I have the following code
NumIterations = 10000000;
i, j : Integer;
x : array[1..100] of Double;
Start : Cardinal;
S : Double;
for i := Low(x) to High(x) do x[i] := i;
Start := GetTickCount;
for i := 1 to NumIterations do S := System.Math.Sum(x);
ShowMessage('Math.Sum: ' + IntToStr(GetTickCount - Start));
Start := GetTickCount;
for i := 1 to NumIterations do begin
S := 0;
for j := Low(x) to High(x) do S := S + x[j];
ShowMessage('Simple Sum: ' + IntToStr(GetTickCount - Start));
When compiled for Win32 Math.Sum is considerably faster than the simple loop, as Math.Sum is written in Assembler and uses four-fold loop unrolling.
But when compiled for Win64, Math.Sum is considerably slower than the simple loop, because in 64-bit Math.Sum uses Kahan summation. This is an optimization for accuracy minimizing pile-up of errors during the summation process, but is considerably slower than even the simple loop.
I.e. when compiling for Win32 I get code optimized for speed, when compiling the same code for Win64 I get code optimized for accuracy. This is not exactly what I naively would expect.

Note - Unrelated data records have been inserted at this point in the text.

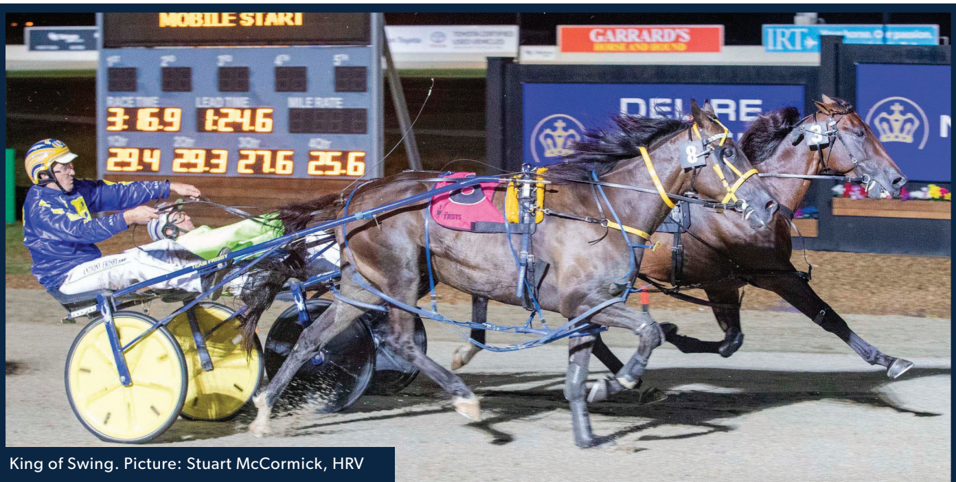
King of Swing.
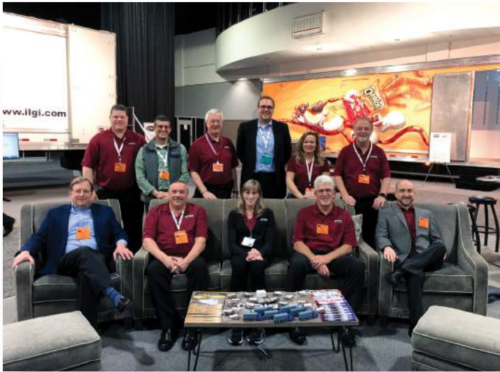
Enthusiastic, creative, and social Strick team members making “Customer-ization” a reality during TMC 2018.
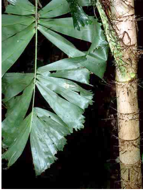
1 Aiphanes aculeata chontilla
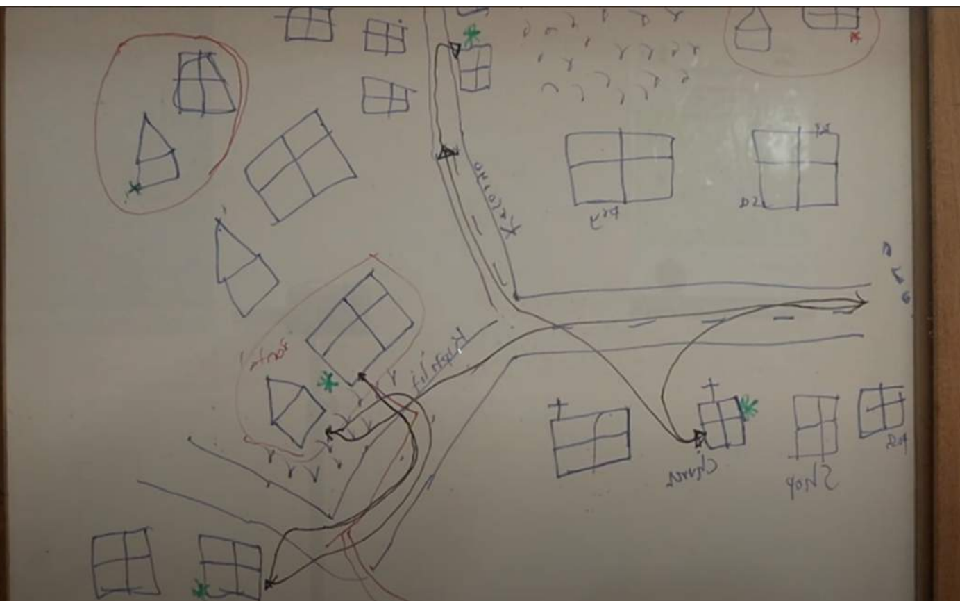
Baringo, Kenya, movie from 2023

Is there any sensible reason for this difference between Win32/64? Double is always 8 byte, so the accuracy should be identical in Win32/64.
Is Math.Sum still implemented identically (Assembler and loop unrolling in Win32, Kahan summation in Win64) in current versions of Delphi? I use Delphi-XE5.
Yes (Delphi 10.3.2).
Is there any sensible reason for this difference between Win32/64? Double is always 8 byte, so the accuracy should be identical in Win32/64.

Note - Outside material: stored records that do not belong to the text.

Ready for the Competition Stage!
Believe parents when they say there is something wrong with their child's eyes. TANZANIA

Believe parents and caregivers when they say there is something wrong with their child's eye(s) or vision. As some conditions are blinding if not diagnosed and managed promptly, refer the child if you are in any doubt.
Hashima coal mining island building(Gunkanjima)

32-bit Delphi for Win32 uses the old FPU, while the 64-bit compiler uses SSE instructions. When the 64-bit compiler was introduced in XE2, many of the old assembly routines was not ported to 64-bit. Instead, some routines were ported with similar functionality as other modern compilers.
You can enhance the 64-bit implementation a bit by introducing a Kahan summation function:
program TestKahanSum;
function KahanSum(const input : TArray<Double>): Double;
sum,c,y,t : Double;
i : Integer;
sum := 0.0;
c := 0.0;
for i := Low(input) to High(input) do begin
y := input[i] - c;
t := sum + y;
c := (t - sum) - y;
sum := t;
Result := sum;
dArr : TArray<Double>;
res : Double;
i : Integer;
sw : TStopWatch;
for i := 0 to High(dArr) do dArr[i] := Pi;
sw := TStopWatch.StartNew;
res := Math.Sum(dArr);
WriteLn('Math.Sum:',res,' [ms]:',sw.ElapsedMilliseconds);
sw := TStopWatch.StartNew;
res := KahanSum(dArr);
WriteLn('KahanSum:',res,' [ms]:',sw.ElapsedMilliseconds);
sw := TStopWatch.StartNew;
res := 0;
for i := 0 to High(dArr) do res := res + dArr[i];
WriteLn('NaiveSum:',res,' [ms]:',sw.ElapsedMilliseconds);
Math.Sum: 3.14159265358979E+0008 [ms]:492
KahanSum: 3.14159265358979E+0008 [ms]:359
NaiveSum: 3.14159265624272E+0008 [ms]:246
Math.Sum: 3.14159265358957E+0008 [ms]:67
KahanSum: 3.14159265358979E+0008 [ms]:958
NaiveSum: 3.14159265624272E+0008 [ms]:277
Pi with 15 digits is 3.14159265358979
The 32-bit math assembly routine is accurate to 13 digits in this example, while the 64-bit math routine is accurate to 15 digits.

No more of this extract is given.